Change the working directory to perf_profile_aie_gmio
. Take a look at the graph code in aie/graph.h
.
static const int col[32]={6,13,14,45,18,42,4,30,48,49,9,16,29,39,40,31,2,3,46,0,43,27,41,26,11,17,47,1,19,10,34,7};
class mygraph: public adf::graph
{
private:
adf::kernel k[32];
public:
adf::input_gmio gmioIn[32];
adf::output_gmio gmioOut[32];
mygraph()
{
for(int i=0;i<32;i++){
gmioIn[i]=adf::input_gmio::create("gmioIn"+std::to_string(i),/*size_t burst_length*/256,/*size_t bandwidth*/100);
gmioOut[i]=adf::output_gmio::create("gmioOut"+std::to_string(i),/*size_t burst_length*/256,/*size_t bandwidth*/100);
k[i] = adf::kernel::create(vec_incr);
adf::connect<adf::window<1024>>(gmioIn[i].out[0], k[i].in[0]);
adf::connect<adf::window<1032>>(k[i].out[0], gmioOut[i].in[0]);
adf::source(k[i]) = "vec_incr.cc";
adf::runtime<adf::ratio>(k[i])= 1;
adf::location<adf::kernel>(k[i])=adf::tile(col[i],0);
}
};
};
In the previous code, there are location constraints adf::location
for each kernel. This is to save time for aiecompiler
. Note that each kernel has an input window size of 1024 bytes and output window size of 1032 bytes.

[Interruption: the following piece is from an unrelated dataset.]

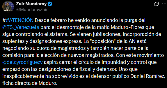 Al respecto, el abogado Zair Mundaray, recordó en redes sociales que «desde febrero he venido anunciando la purga del TSJ para el desmontaje de la mafia Maduro-Flores que sigue controlando el sistema».
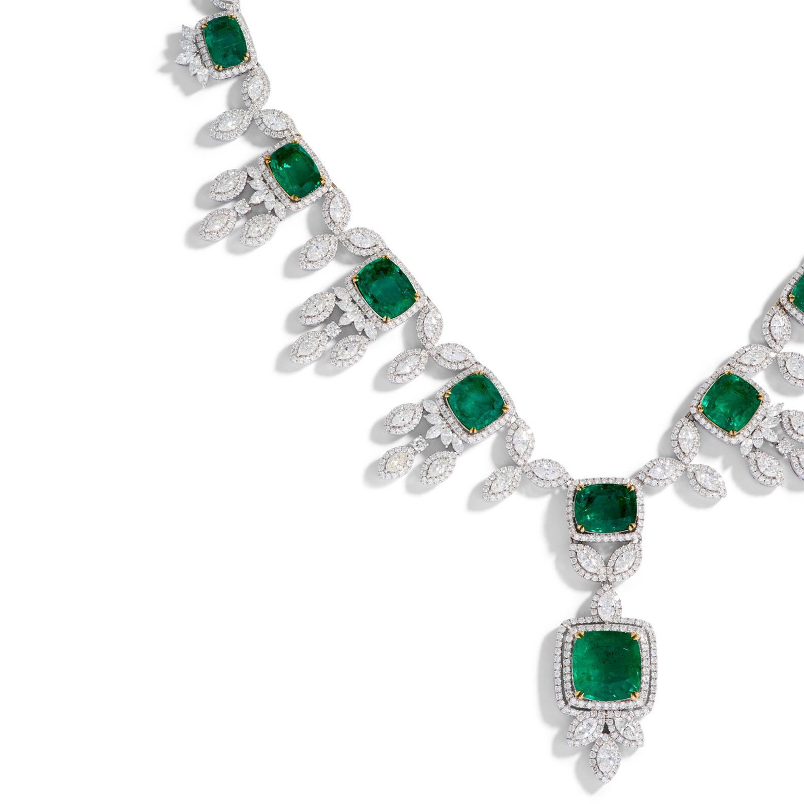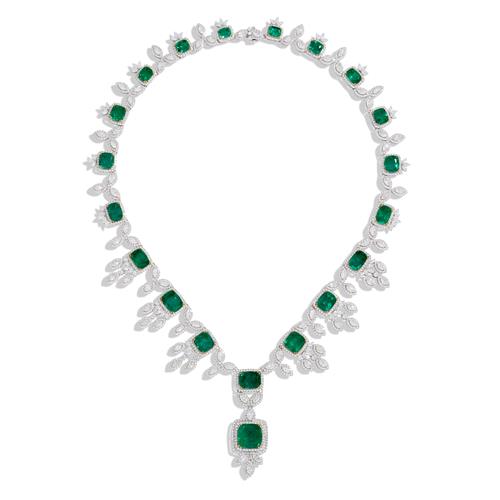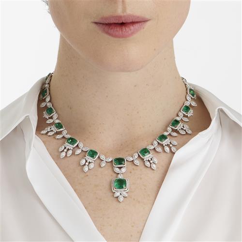 Composed of a line of cushion shaped emeralds encircled by a halo of circular-cut diamonds alternating between a foliate motif embellished with marquise and brilliant-cut diamonds, the front further decorated with diamond clusters terminating on a similarly set emerald and diamond swing drop, the twenty emeralds and diamonds together weighing approximately 30.69 carats and 17.78 carats respectively mounted in 18ct white gold, inner circumference 430, length 434mm.

Next, examine the kernel code aie/vec_incr.cc
. It adds each int32 input by one and additionally outputs the cycle counter of the AI Engine tile. Due to the later introduction, this counter can be used to calculate the system throughput.
#include <aie_api/aie.hpp>
#include <aie_api/aie_adf.hpp>
#include <aie_api/utils.hpp>
void vec_incr(input_window<int32>* data,output_window<int32>* out){
aie::vector<int32,16> vec1=aie::broadcast<int32>(1);
for(int i=0;i<16;i++)
chess_prepare_for_pipelining
chess_loop_range(4,)
{
aie::vector<int32,16> vdata=window_readincr_v<16>(data);
aie::vector<int32,16> vresult=aie::add(vdata,vec1);
window_writeincr(out,vresult);
}
aie::tile tile=aie::tile::current();
unsigned long long time=tile.cycles();//cycle counter of the AI Engine tile
window_writeincr(out,time);
}
Next, examine the host code aie/graph.cpp
. The concepts introduced in AIE GMIO Programming Model apply here. This section explains new concepts and how performance profiling is done. Some constants defined in the code are as follows:
#if !defined(__AIESIM__) && !defined(__X86SIM__) && !defined(__ADF_FRONTEND__)
const int ITERATION=512;
#else
const int ITERATION=4;
#endif
const int BLOCK_SIZE_in_Bytes=1024*ITERATION;
const int BLOCK_SIZE_out_Bytes=1032*ITERATION;
If it is for hardware flow, ITERATION
is 512 otherwise, it is 4. This is to make sure that the AI Engine simulator can finish in a short amount of time.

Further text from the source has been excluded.